YOUR TASK = Transcribe all the lines below exactly. Omit the pictures.

Start of INPUT DATA

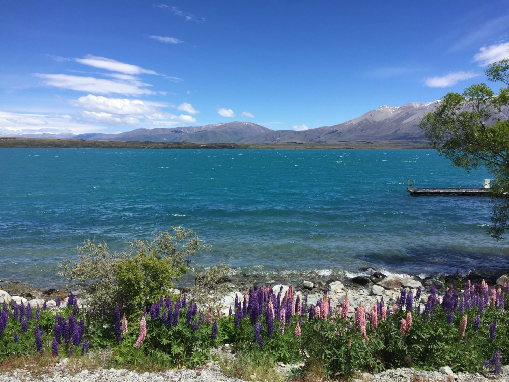 A new dawn brought renewed energy and I made swift headway in a south easterly direction, crossing lush farmland as the Southern Alps rose to greet me on the horizon. By late afternoon, I was strolling among the clusters of lupins beside Lake Tekapo – more or less the mid-point twixt Akaroa and Queenstown.
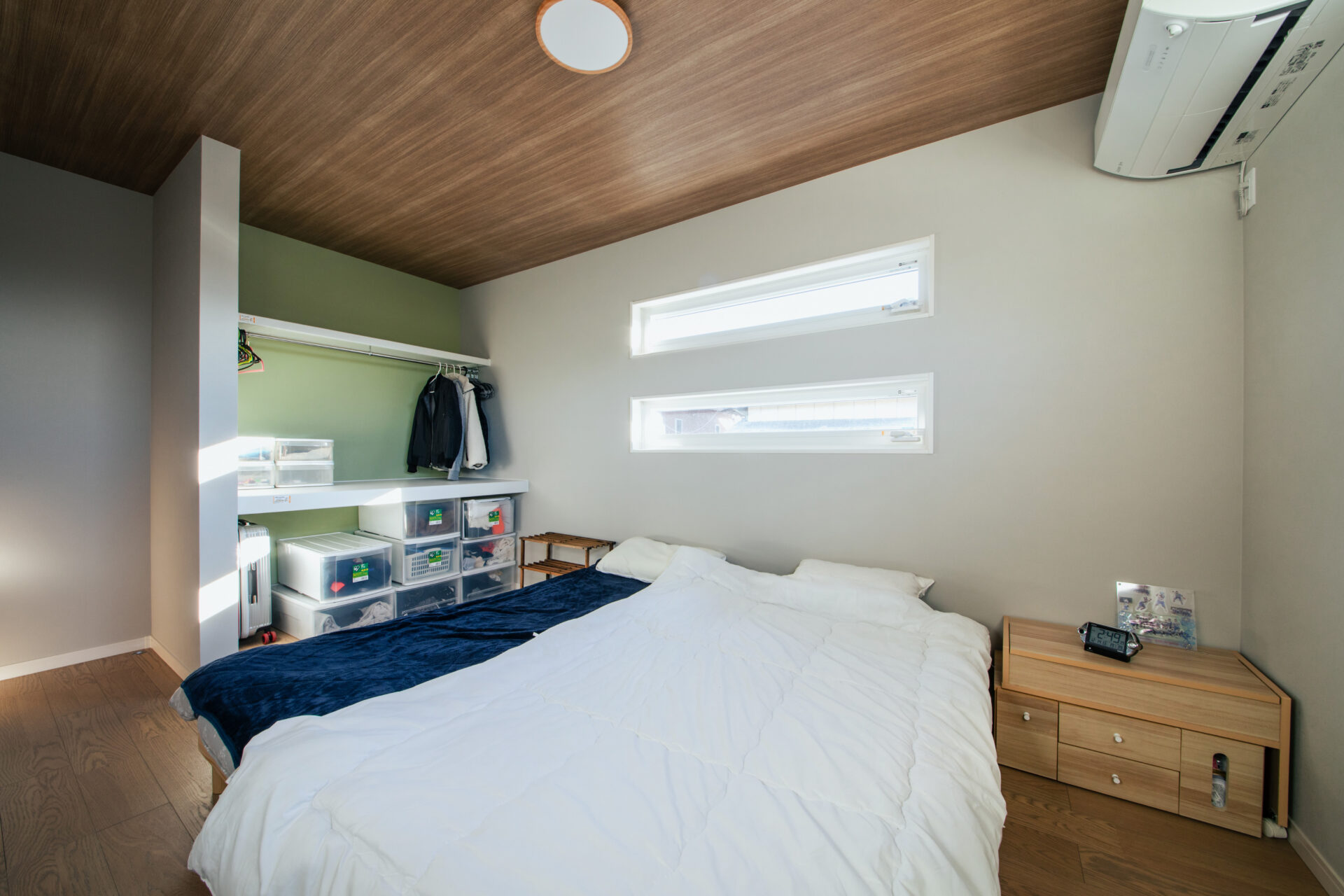 寝室には濃い色の木目のアクセントクロスを天井に。落ち着いた雰囲気に仕上げています。
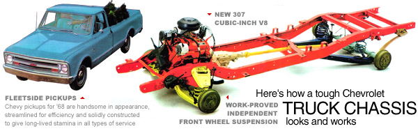 Very similar to 1967 truck. Small back window is discontinued, so all 68's will have big back windows. Side marker lamps are added to front fenders and rear bedsides. Some CST equipped trucks have upper side trim in addition to the lower side trim. CST's also have bright trim surrounding front grill and headlamp area. Letters on GMC's are now moved from grill to front of hood. First year for the optional 307 ci. & 396 ci. engines.
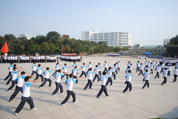 一招一式虎虎生威,众人齐动声振寰宇。9月20日下午,信阳师院2013级军体拳比赛精彩亮相,参加比赛的19个院系的21支代表队齐聚信阳师院体育馆前的青年广场上,展开了一场激烈角逐,工商管理学院市场营销班,工商管理班和会计学二班参加了比赛。该校相关职能部门负责人和部队首长出席比赛并担任评委,检验了近期的军训成果。

End of INPUT DATA

WRITTEN ANSWER =
 A new dawn brought renewed energy and I made swift headway in a south easterly direction, crossing lush farmland as the Southern Alps rose to greet me on the horizon. By late afternoon, I was strolling among the clusters of lupins beside Lake Tekapo – more or less the mid-point twixt Akaroa and Queenstown.
 寝室には濃い色の木目のアクセントクロスを天井に。落ち着いた雰囲気に仕上げています。
 Very similar to 1967 truck. Small back window is discontinued, so all 68's will have big back windows. Side marker lamps are added to front fenders and rear bedsides. Some CST equipped trucks have upper side trim in addition to the lower side trim. CST's also have bright trim surrounding front grill and headlamp area. Letters on GMC's are now moved from grill to front of hood. First year for the optional 307 ci. & 396 ci. engines.
 一招一式虎虎生威,众人齐动声振寰宇。9月20日下午,信阳师院2013级军体拳比赛精彩亮相,参加比赛的19个院系的21支代表队齐聚信阳师院体育馆前的青年广场上,展开了一场激烈角逐,工商管理学院市场营销班,工商管理班和会计学二班参加了比赛。该校相关职能部门负责人和部队首长出席比赛并担任评委,检验了近期的军训成果。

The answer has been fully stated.